Monia Piccini and Franco Guarducci are people from the top shelf. Monia, enterprising and energetic, master of three languages, and Franco, considered, gentle and quietly determined.
After the Vinitaly convention this year I travelled to Florence and caught the bus from the hidden bus station (I am sure that they don’t want you to find it) and enjoyed the F1 driving performance the bus driver gave us on the windy, one hour trip to Panzano.
I met Monia and Franco for dinner at one of their favourite restaurants in a small hamlet nearby, and I sat by with a ringside seat as they argued about what would be the correct wine to order. We had no wine with entrée, and it wasn't until main had arrived that a bottle was finally settled upon that satisfied both.
They are passionate about everything wine. If you observe them during a tasting of their own wines they are always sniffing: the cork as it comes out of the bottle, the wine before they serve, the empty glass that they have just drunk from. Franco will even cut the cork in half and smell both halves to see if the inner cork meets his standards. Their curiosity knows no bounds.
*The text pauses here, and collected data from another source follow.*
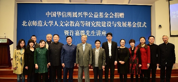 中国华信所属兴华公益基金会捐赠北京师范大学人文宗教高等研究院建设与发展基金仪式暨许嘉璐先生讲座日前在北师大举行。兴华公益基金会捐赠500万元人民币,将用于支持保障和促进北师大人文宗教高等研究院举办高规格学术活动,加强对外交流与合作,提升科研能力,扩大社会影响力等。
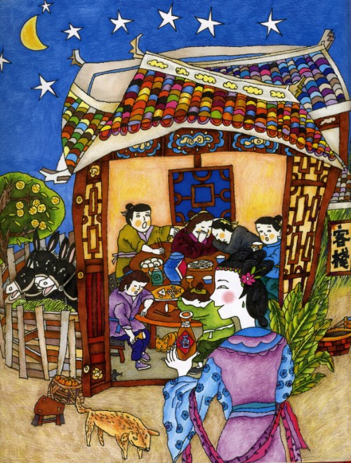 I also especially liked “Third Lady of Plank Bridge” (remind me not to eat any buckwheat cakes lest I turn into a donkey) :), and “The Hall of Contented Cravings,” where a chef is charged with cooking seemingly impossible dishes to please the King (“cook a dish that contains the sky”). The chef’s poetic response (“Sky Blue White Clouds”) reminds us that cooking is a transcendent art form (“cloud ears, mushrooms as blue as the sky, and the wings of high-flying birds”).
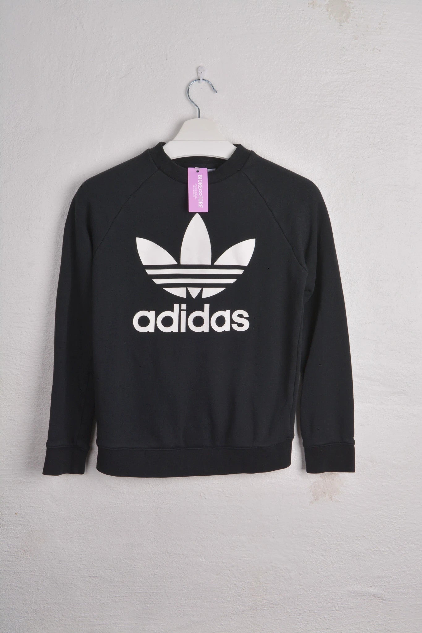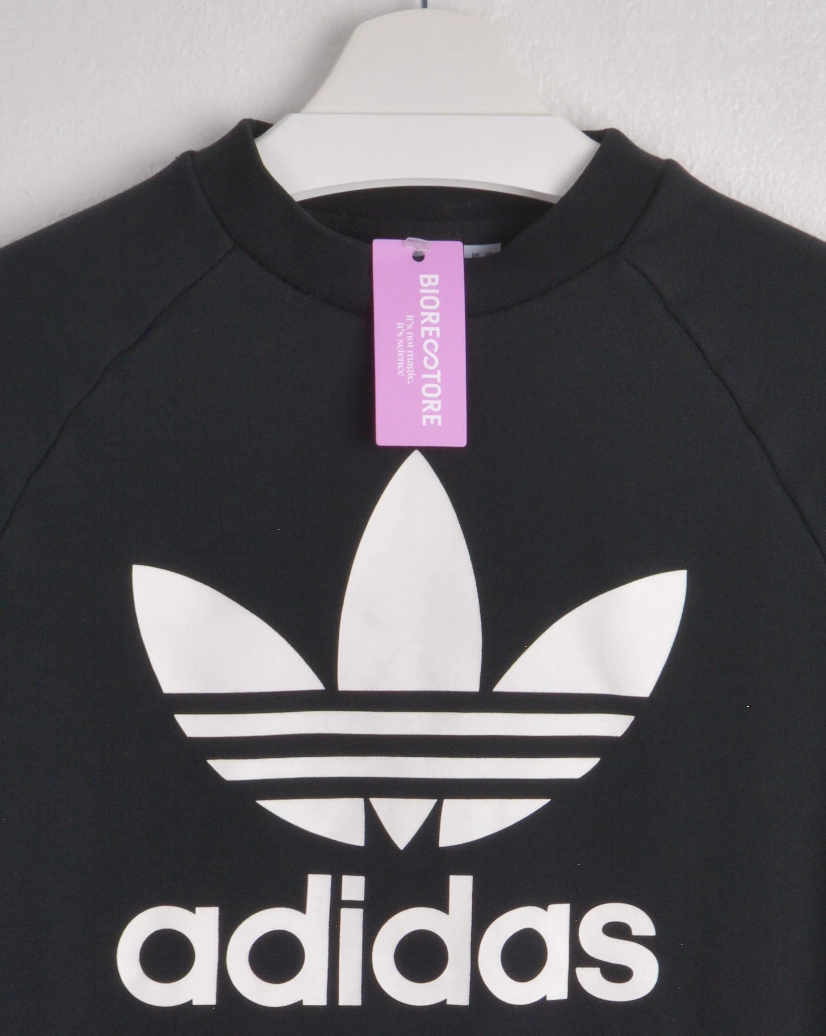 Experience timeless style with this Adidas crewneck, featuring the iconic white trefoil logo on a sleek black...
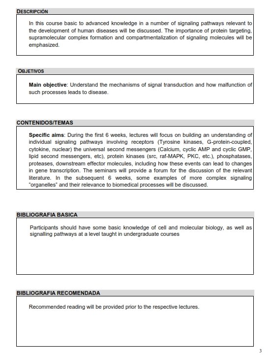 Objetivos principales: Adquirir conocimientos básicos y avanzados en una serie de vías de señalización relevantes para el desarrollo de las enfermedades humanas. Comprender los mecanismos de transducción de señales y cómo el mal funcionamiento de dichos procesos conduce a la enfermedad.
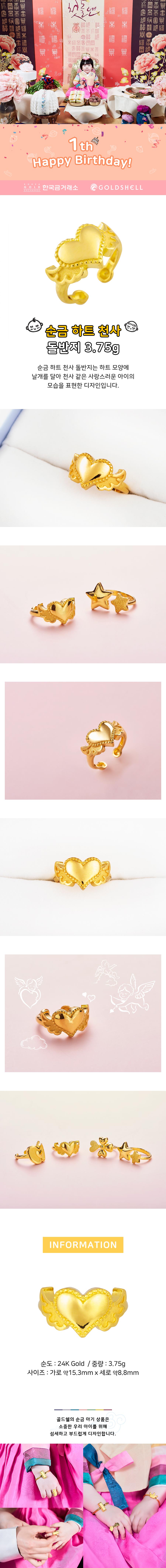 순금 하트 천사 돌반지 3.75g
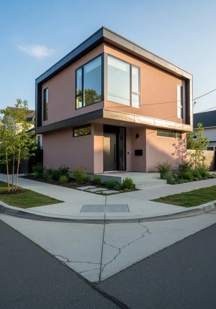 To me, this color choice is absolutely genius for such a daring structure. It takes some serious confidence to wrap a geometric home in a soft pinkish-mauve, but it works so well because it feels intentional and organic against the blue sky. The way the late afternoon shadows play across those flat surfaces is just stunning. It is the perfect inspiration if you want your home to be the talk of the neighborhood for all the right reasons.

Franco took me to their San Martino vineyard which is a few kilometres from the villa, on steep slopes facing the southwest. This vineyard was certified organic in 2013 (no pesticides), is completely dry grown (no irrigation) and is hand harvested. This basically means that the vineyard is grown at the mercy of Mother Nature. Franco only has natural defences against pests, he cannot control crop yield as it will be totally dictated by rainfall, and every grape on this perilously steep vineyard must be picked by hand. This is agriculture at its most pure.
Of course, not using pesticides allows Franco to indulge in a wholly Italian passion: using machines that do unusual things. Italians build machines that do anything...they simply love quirky machinery.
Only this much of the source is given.